The fair value of an asset is considered to be the price that would be received to sell an asset or paid to transfer a liability in an orderly transaction between market participants at the measurement date. Accounting guidance also establishes a three-level fair value hierarchy that prioritizes the inputs used to measure fair value. The fair value hierarchy gives the highest priority to quoted market prices (Level 1) and the lowest priority to unobservable inputs (Level 3). The three levels of inputs used to measure fair value are as follows:

Level 1 - quoted prices in active markets for identical assets or liabilities accessible by the reporting entity.
Level 2 - observable inputs other than quoted prices included in Level 1, such as quoted prices for similar assets and liabilities in active markets; quoted prices for identical or similar assets and liabilities in markets that are not active; or other inputs that are observable or can be corroborated by observable market data.

10



Level 3 - unobservable inputs for an asset or liability. Unobservable inputs should only be used to the extent observable inputs are not available.

The Company’s short-term financial instruments include cash and cash equivalents, accounts receivable and accounts payable.  The carrying value of the short term financial instruments approximates the fair value due to their short-term nature. These financial instruments have no stated maturities or the financial instruments have short-term maturities that approximate market.

The fair value of the Company’s debt is estimated based on current market interest rates for debt with similar maturities and credit quality. The fair values of the Company’s debt were $10,301 and $10,297 at March 31, 2015 and December 31, 2014, respectively.
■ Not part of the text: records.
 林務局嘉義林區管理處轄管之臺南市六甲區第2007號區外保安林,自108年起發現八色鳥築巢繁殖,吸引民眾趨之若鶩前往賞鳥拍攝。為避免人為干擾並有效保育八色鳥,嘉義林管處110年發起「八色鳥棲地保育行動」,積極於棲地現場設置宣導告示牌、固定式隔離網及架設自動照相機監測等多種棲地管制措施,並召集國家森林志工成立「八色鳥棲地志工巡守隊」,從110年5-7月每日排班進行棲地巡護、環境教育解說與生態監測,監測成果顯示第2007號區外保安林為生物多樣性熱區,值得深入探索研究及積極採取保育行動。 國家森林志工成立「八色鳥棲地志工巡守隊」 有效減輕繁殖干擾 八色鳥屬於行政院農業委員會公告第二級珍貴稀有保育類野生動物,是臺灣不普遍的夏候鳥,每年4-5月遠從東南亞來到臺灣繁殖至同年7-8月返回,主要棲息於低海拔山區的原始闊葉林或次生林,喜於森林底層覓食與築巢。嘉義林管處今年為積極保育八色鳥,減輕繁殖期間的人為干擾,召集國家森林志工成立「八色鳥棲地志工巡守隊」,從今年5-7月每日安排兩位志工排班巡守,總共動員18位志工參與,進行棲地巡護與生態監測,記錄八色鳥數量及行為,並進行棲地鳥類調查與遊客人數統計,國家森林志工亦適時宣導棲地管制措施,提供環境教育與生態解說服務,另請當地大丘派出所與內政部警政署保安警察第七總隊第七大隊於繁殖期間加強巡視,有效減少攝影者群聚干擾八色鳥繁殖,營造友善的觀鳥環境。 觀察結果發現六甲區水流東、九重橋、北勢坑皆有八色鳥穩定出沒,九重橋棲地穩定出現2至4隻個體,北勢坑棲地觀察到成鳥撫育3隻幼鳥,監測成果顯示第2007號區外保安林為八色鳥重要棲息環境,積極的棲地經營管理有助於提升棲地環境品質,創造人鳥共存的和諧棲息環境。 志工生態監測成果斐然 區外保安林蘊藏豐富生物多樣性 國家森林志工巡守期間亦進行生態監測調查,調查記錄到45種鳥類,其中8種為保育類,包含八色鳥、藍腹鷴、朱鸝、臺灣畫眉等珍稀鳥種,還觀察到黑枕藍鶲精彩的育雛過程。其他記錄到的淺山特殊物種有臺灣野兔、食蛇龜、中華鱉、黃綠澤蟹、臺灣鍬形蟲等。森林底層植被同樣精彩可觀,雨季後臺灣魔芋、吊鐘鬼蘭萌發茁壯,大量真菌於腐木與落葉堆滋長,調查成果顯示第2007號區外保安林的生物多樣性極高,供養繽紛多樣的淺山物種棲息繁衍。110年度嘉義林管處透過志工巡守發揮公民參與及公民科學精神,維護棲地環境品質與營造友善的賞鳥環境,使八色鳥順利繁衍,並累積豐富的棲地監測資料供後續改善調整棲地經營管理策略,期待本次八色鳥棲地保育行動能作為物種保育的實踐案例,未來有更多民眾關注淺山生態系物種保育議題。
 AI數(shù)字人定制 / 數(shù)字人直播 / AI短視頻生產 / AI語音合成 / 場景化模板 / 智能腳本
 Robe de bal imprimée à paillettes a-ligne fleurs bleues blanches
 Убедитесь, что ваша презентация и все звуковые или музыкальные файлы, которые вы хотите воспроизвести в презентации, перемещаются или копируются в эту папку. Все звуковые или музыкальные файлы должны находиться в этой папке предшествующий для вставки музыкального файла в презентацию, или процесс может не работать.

The financial statement carrying value was $10,233 and $10,283 at March 31, 2015 and December 31, 2014, respectively.  These fair values are considered Level 2 under the fair value hierarchy.

Dividends and Dividend Equivalents

On February 27, 2015, the Board of Directors declared a dividend payable to stockholders of record as of March 26, 2015, of the Company's common stock, no par value ("Common Stock") and a dividend equivalent payable to holders of restricted stock units ("RSUs") as of March 26, 2015, of six cents per share and per unit.  The total payment of $1,087, comprised of dividend payments of $1,061 and dividend equivalent payments, net of estimated forfeitures, of $26, was paid on April 21, 2015.

On February 28, 2014, the Board of Directors declared a dividend payable to stockholders of record as of March 17, 2014, of the Company's Common Stock and a dividend equivalent payable to holders of RSUs as of March 17, 2014, of five cents per share and per unit.  The total payment of $907, comprised of dividend payments of $884 and dividend equivalent payments, net of estimated forfeitures, of $23, was paid on April 9, 2014.

Credit Agreement

On February 27, 2015, the Company, as a guarantor and a party, and its subsidiaries, MGPI Processing, Inc., MGPI Pipeline, Inc., and MGPI of Indiana, LLC, as the borrowers, entered into a five-year, $80,000 revolving loan pursuant to a Second Amended and Restated Credit Agreement and associated schedules (the "Restated Credit Agreement") with Wells Fargo Bank, National Association, as Administrative Agent (the "Agent"). The Restated Credit Agreement amended and restated the Company’s former revolving credit facility under the Amended and Restated Credit Agreement between the Company and Wells Fargo Bank, National Association, as Lender, dated November 2, 2012, as amended. The Restated Credit Agreement differs from the Company’s prior revolving loan agreement by (i) increasing amount available under the revolving credit facility to $80,000, (ii) extending the maturity date to February 27, 2020, (iii) providing for the addition of U.S. Bank, National Association, as a lender, and (iv) reducing certain interest rates, and (v)  incorporating other modifications consistent with the increase in the loan amount and to reflect Wells Fargo’s status as the Agent. The loan fees incurred by the Company related to the Restated Credit Amendment through the quarter ended March 31, 2015 were $291 and are included in Other Assets on the Condensed Consolidated Balance Sheets. The loan fees are being amortized over the life of the Restated Credit Agreement.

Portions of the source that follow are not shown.